* _Task instructions_
From the material below, copy exactly the lines beginning with the one that contains "This note card" and ending with the one that contains "automatické rozpoznanie |"; the pictures stay out.

* _Data under study_
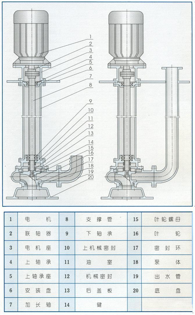 3、泵為立式結構,工作時泵體浸在液體中,因而很容易起動,不存在排氣抽空問題,同時具有無泄漏等特點,液下深度可達0.5-7米。
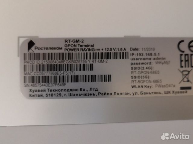 (PON) Huawei RT-GM-2 17/06/2020 . 111 . Основные характеристики: . . . На терминале RT-GM-2 услуга Интернет предоставляется по FTTH (FTTx) . . . Пароль - отображен на наклейке . . .
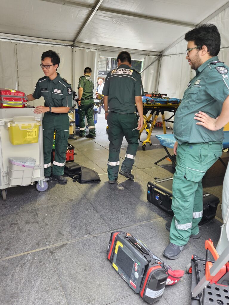 Man muss fairerweise sagen: Die Organisation war beeindruckend. Überall gab es Trinkwasserstellen, ausreichend Toiletten und Foodtrucks für das leibliche Wohl. Für den Notfall standen große Sanitätsbereiche bereit – in einem davon entdeckten wir sogar ein paar Defibrillatoren von Xin’s Firma. Schnell ein Beweisfoto gemacht, Stolz gespeichert, weiter im Programm.
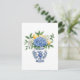 This note card features a beautiful blue and white chinoiserie vase with blue and white hydrangea flowers and lemons. Personalize with your choice of name or special text on the back.
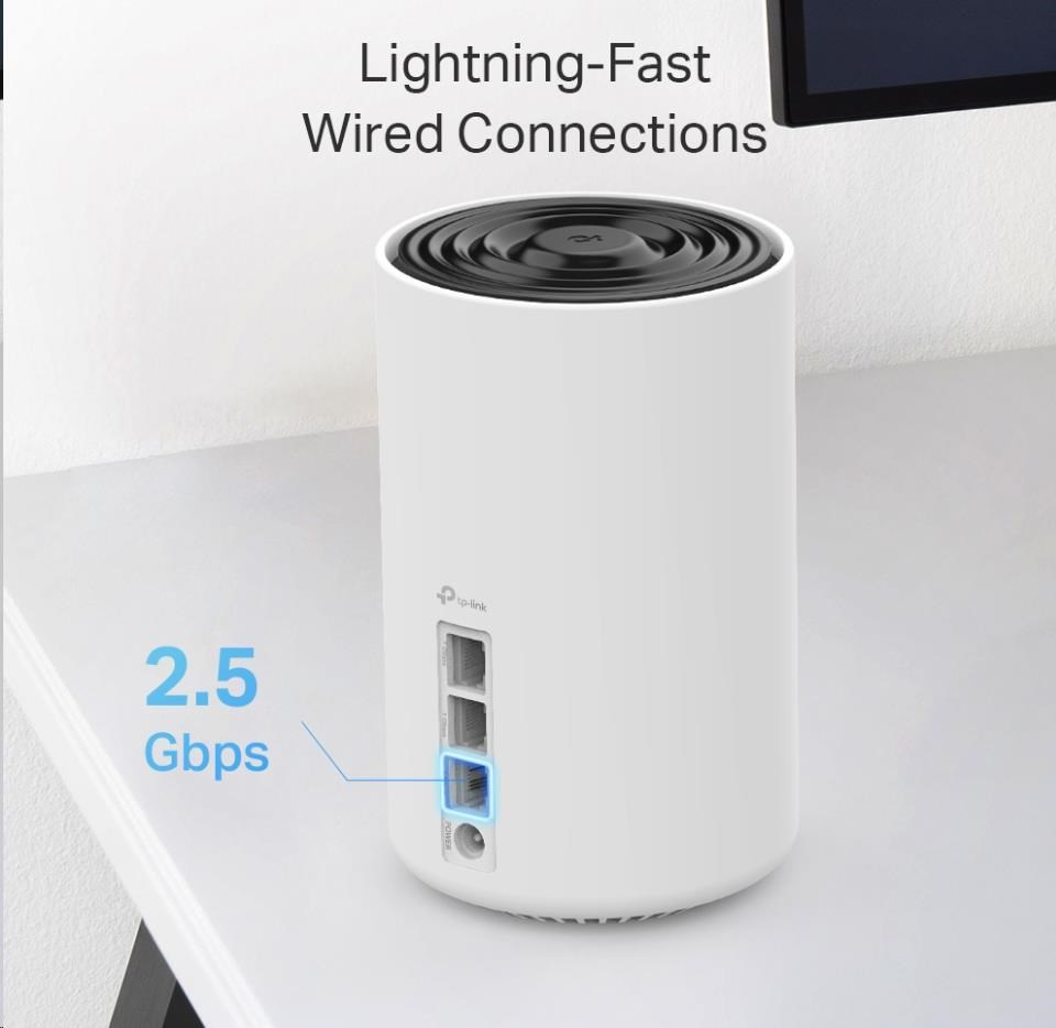 | Ethernetové porty | 1× 2.5 Gbps port + 2× Gigabitové porty *Na Deco jednotku Podporuje WAN/LAN automatické rozpoznanie |
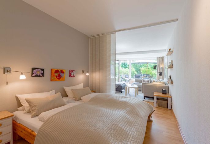 Zwischem dem Wyker Südstrand und Nieblum steht das beliebte Terrassenhaus Haus Halligblick. Die Lage ist wohl einmalig: direkt am Meer, mit Blick nach Süden in Richtung der Halligen in bester Umgebung. Ganz in der Nähe ist der Golfplatz und der Sportflugplatz. Beide sind bequem zu Fuß zu erreichen. Von dort ist es nur ein Sprung nach Greveling, der Gruppe von Reethäusern im Friesenstil. Nach Nieblum, einem der schönsten Orte Schleswig-Holsteins, ist es kaum weiter als zum Zentrum Wyks. Nicht ohne Grund gilt der Südstrand als Geheimtip.

* _Solution for this problem_
 This note card features a beautiful blue and white chinoiserie vase with blue and white hydrangea flowers and lemons. Personalize with your choice of name or special text on the back.
 | Ethernetové porty | 1× 2.5 Gbps port + 2× Gigabitové porty *Na Deco jednotku Podporuje WAN/LAN automatické rozpoznanie |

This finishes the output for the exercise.